Lessons from the field (again): Remember the trees!

In April I had already written about the nice surprises XML and XQuery have for developers. XQuery and XPath operate on the tree representation of a document and in most cases those trees have more than one branch. This is something to keep in mind, always!

This morning I was reminded about that article and that problem again when I was contacted with a question about two versions of seemingly the same query against the DB2 sample database:


xquery declare default element namespace "http://posample.org";
for $d in db2-fn:xmlcolumn("PURCHASEORDER.PORDER")
where $d/PurchaseOrder/item[quantity = 1]
return $d/PurchaseOrder/item/name



and

xquery declare default element namespace "http://posample.org";
db2-fn:xmlcolumn ("PURCHASEORDER.PORDER")/PurchaseOrder/item[quantity = 1]/name



In both cases we iterate over the PurchaseOrders and seem to select only items with a quantity of one. But the first query returns 4 records, the second query 3 records. Why?
This is because the element we are qualifying, i.e., PurchaseOrder, can have (and actually has!) multiple item elements, PurchaseOrder qualifies if there is at least one such item with a quantity of 1 (existential semantics). The second query directly filters at the item level.
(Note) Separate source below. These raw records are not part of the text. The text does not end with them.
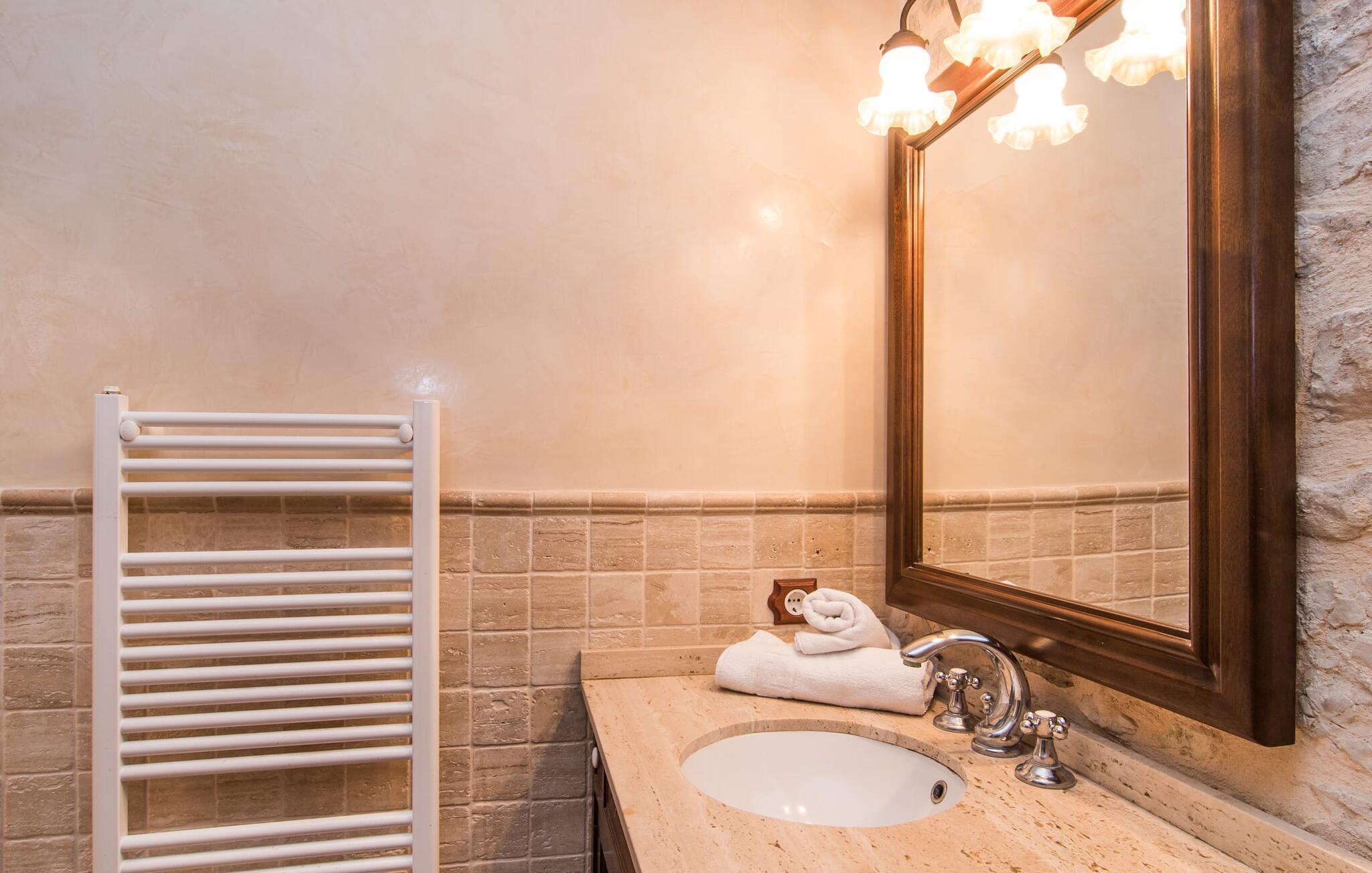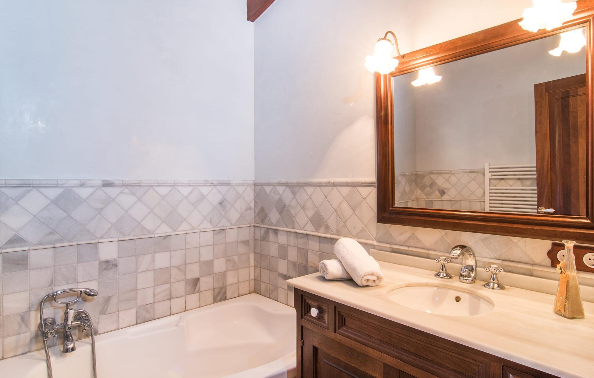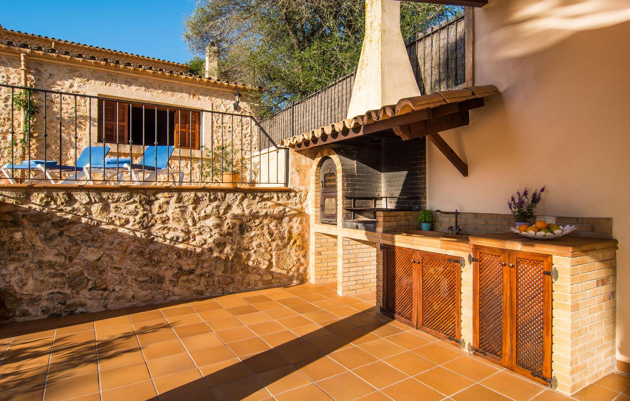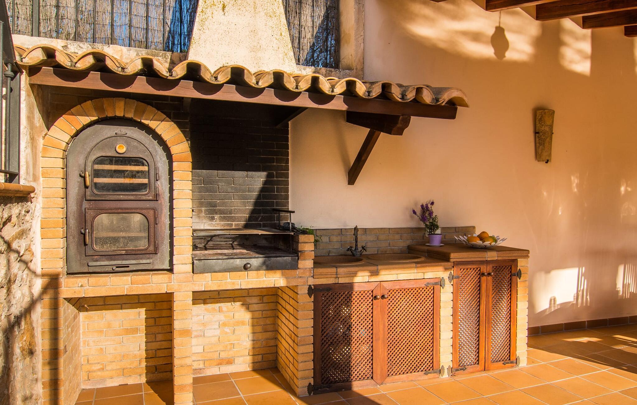 Hvem har ikke drømt om at fordybe sig i vildmarken midt i hverdagens stress og jag? Villa "Isabella" er en charmerende mulighed for at opfylde denne drøm ved at kombinere idyllisk natur og komforten ved god infrastruktur. Hvis I lader blikket vandre fra haven i det fjerne, vil I se villaens uberørte stenmure bag jer. Bagved ligger trætoppene i den tætte skov på en bakke. Poolens damformede, buede omrids er foret med store palmer, der tilføjer et strejf af tropisk flair til denne naturligt maleriske scene. Lige ved siden af poolen finder I komfortable liggestole, hvor I kan genoplade jeres D-vitamintank og nyde den vidunderligt friske, milde ø-brise. Ved det rustikke træbord kan I nyde kulinariske fejringer sammen udendørs, som ikke behøver at ende så hurtigt takket være den afsondrede beliggenhed. I kan også sove næste morgen – eller nyde fyrre blink i det fri. Da det udendørs badeværelse giver varmt vand, kan I få mest muligt ud af haven og bruge meget tid udenfor. Det betyder ikke, at I skal undgå det indre af villaen – tværtimod. Sofaerne, hvorfra I kan nyde lyden af den åbne pejs, er et vidunderligt hyggeligt sted for en snak eller læsning af en god bog i en hjemlig atmosfære. Herfra kan I også følge med i, hvad der sker derhjemme takket være fladskærmen og satellitforbindelsen. Spiseområdet i denne stue er dedikeret til jeres gastronomiske ønsker. Der er plads til ti personer omkring træbordet under lysekronen, hvilket gør villaen ideel til at underholde besøgende. Middagen kan tilberedes på ingen tid i det rummelige køkken med keramisk kogeplade. Hvert værelse fremstår lyst og venligt, og I vil hurtigt føle jer hjemme i soveværelserne: to af dem er i stueetagen, den ene med to enkeltsenge, den anden med eget badeværelse. Yderligere fire gæster kan bo på første sal, som rummer to soveværelser med dobbeltsenge og to badeværelser. Takket være badekarret i to af badeværelserne kan I nemt afslutte dagen romantisk. Villa "Isabella" ligger midt i et naturreservat; En vandrerute fører direkte ind i det vilde, romantiske bjerglandskab. Den lille mallorcanske juvel Petra ligger 4,5 km væk, hvor I kan opleve den stille side af øen helt tæt på på resortets ugentlige marked. Manacor, 13,5 km væk, er ideel til en længere gåtur gennem byen. Den historiske bykerne med sine mange snoede gader venter bare på at blive udforsket. Til dage ved havet anbefaler vi den helt uberørte naturlige strand Son Serra de Marina i nordøst, cirka en halv time væk. I sydøst er der en række smukke bugter at opdage, de såkaldte Calas de Mallorca. Villaen er en fremragende base camp for sporty gæster, der ønsker at udforske øen på cykel eller til fods. Der er også fem varierede golfbaner i området. Villaen "Isabella" med sin eksklusive indretning ligger 4,5 km sydvest for Petra, en malerisk lille by, i charmerende omgivelser. Petra lader intet tilbage at ønske med sin blanding af supermarkeder, barer og udsøgte restauranter. Den naturlige sandstrand i Son Serra de Marina er en halv time væk med jeres lejebil - den smukke østkyst kan nås lige så hurtigt.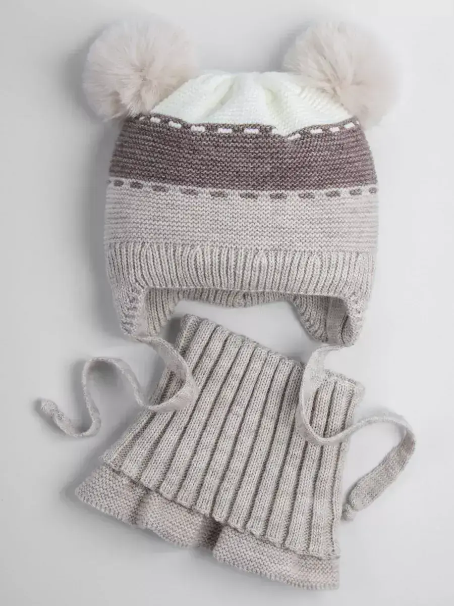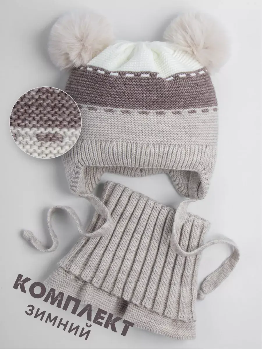 Зимняя детская шапка в комплекте с манишкой — лучшее решение на осень и зиму для вашего ребенка. Шапка для малыша не только защитит от холода и ветра, но и станет красивым дополнением стильного образа! Головной убор с двумя помпонами из искусственного меха отлично подойдет как мальчику, так и девочке. Модель представлена в трех размерах для детей от шести месяцев до трех лет. Шапочка для малышей в полоску утеплена синтепоном, который спрятан под хлопковой подкладкой. Большое разнообразие расцветок позволит подобрать изделие под любой гардероб. Вязаная манишка детская хорошо тянется, закрывает шею и плечи, не сдавливает и не колется. Маленькие дети могут легко надевать и снимать ее самостоятельно, незаменимая вещь для школьных будней и детского садика. Теплая шапочка детская имеет вставки в области лба и ушей для дополнительной защиты от зимнего холода. Мягкие завязки имеют оптимальную длину и легко завязываются бантом. Детская шапочка с помпонами идеально подходит для активного отдыха на свежем воздухе и повседневной носки. Благодаря высококачественному составу (гипоаллергенный акрил, акрил) пряжа не вызывает раздражения на чувствительной коже ребёнка. Для того чтобы шапка для девочки прослужит вам дольше, если вы будете бережно стирать её при температуре не выше 30 °C и сушить на горизонтальной поверхности. Приятных покупок!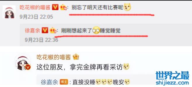在比赛期间,王冰冰与徐嘉余也经常互动留言,王冰冰提醒徐嘉余不要忘记还要比赛,还要他拿完金牌再看采访,每次留言徐嘉余都会回复,还互道晚安。两人还互相关心工作情况,聊天的内容比较随意自然。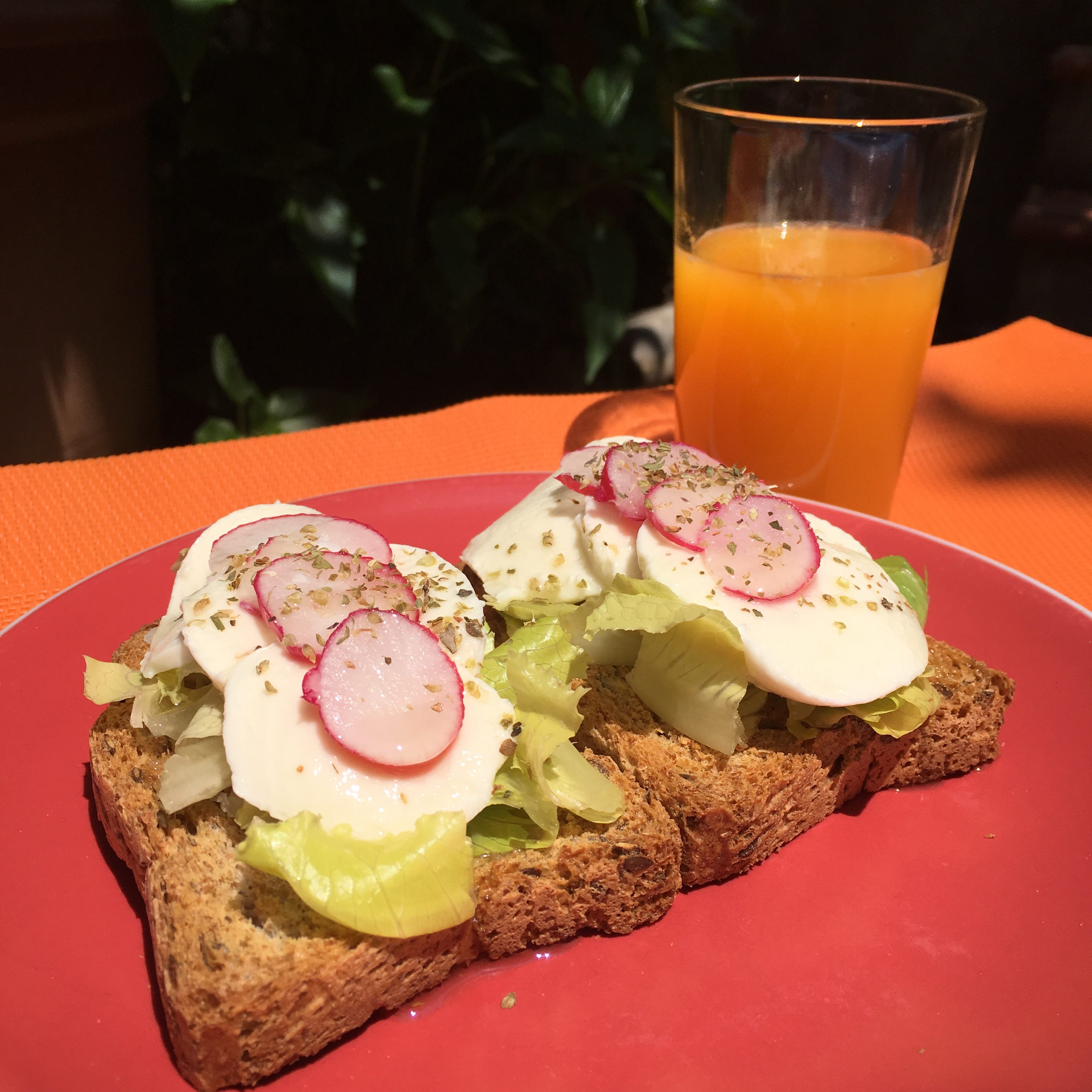 - Tostada integral con crema de queso, frambuesas y albahaca

Hence the difference in the results.

The first query can be rewritten to return the same result as the second query:


xquery declare default element namespace "http://posample.org";
for $d in db2-fn:xmlcolumn("PURCHASEORDER.PORDER")/PurchaseOrder/item
where $d[quantity = 1]
return $d/name


What do we learn? Regardless of SQL or XQuery: Think green! Remember the trees! And enjoy pureXML...